Transfer Category: When to Categorise a Transaction as a Transfer (and When Not To)
The “Transfer” category should only be used when you’re moving money between your own accounts (e.g. from salary account to offset account) OR when you don't want the transaction reflected in your overall budget tracking.
Transactions categorized as a Transfer will not be counted in your budget Overview.
Examples of transactions that should be categorized as a transfer are interest charges (which are already counted under the repayment expense e.g. loan repayment, credit card repayment), and transactions between your own accounts.
If money is entering an account (like salary or tax refunds), it should be categorised as Income.
If money is leaving an account as an expense (e.g. groceries, utilities, mortgage repayment), categorise it appropriately under the expense type rather than as a transfer.
An exception to this is money you transfer into Savings accounts. the outgoing amount from your regular bank account should be categorized as Savings so you can track progress against your Savings budget goal.
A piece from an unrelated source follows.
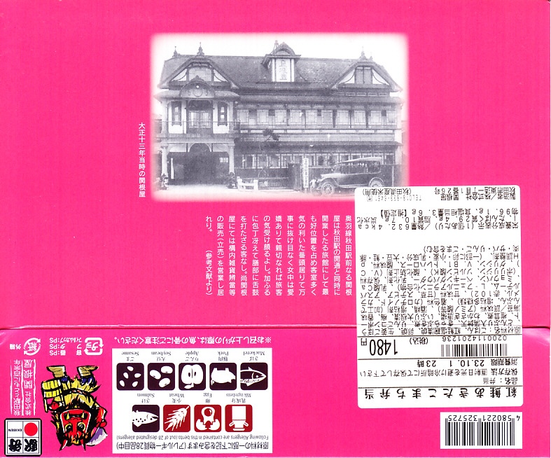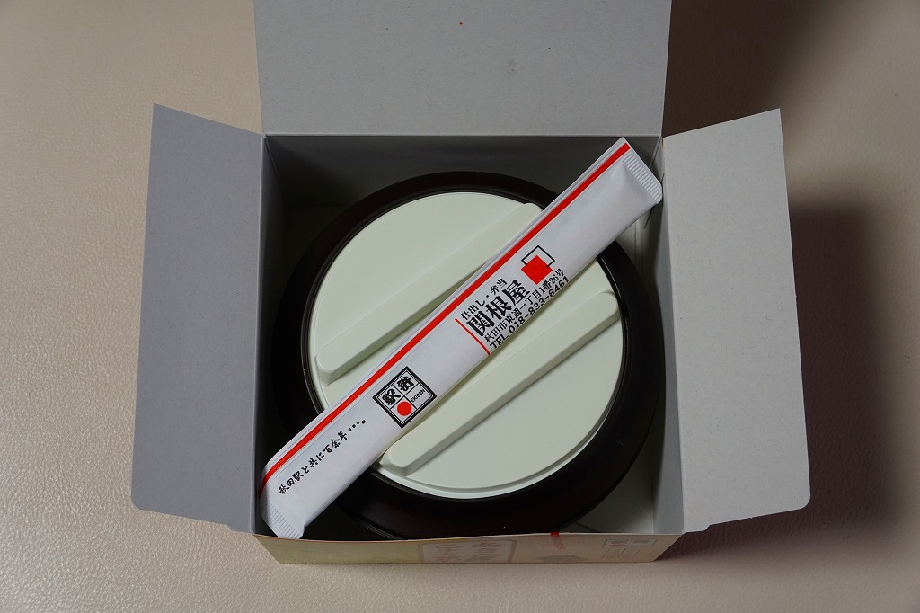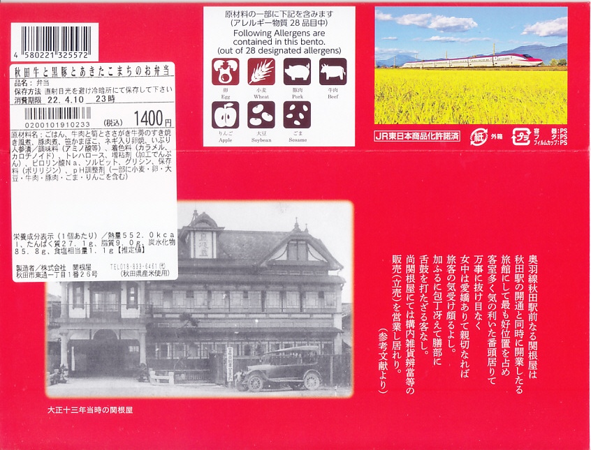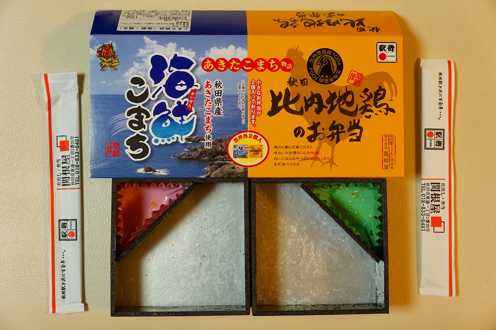 中身の見た目が雑然として、他の秋田駅弁に比べて味が引き立っていないのが惜しいが、秋田が分かりやすい内容である。写真のとおり、新宿駅のNREの駅弁売店は、夕刻になると売れ残りの駅弁を200円引きで販売する。これは駅の駅弁売店では、とても珍しい。2018年までの販売か。

However, if the incoming transaction in your Savings account is also showing, you would categorize this as a Transfer to avoid double-counting.
Please check out our help articles about Savings and Mortgage transactions for more detailed advice on how to categorize these and how to use the Transfer category to avoid duplication.
Most of the time, Billroo’s auto-categorisation will detect these expenses correctly and assign them to the right category you’ve set up.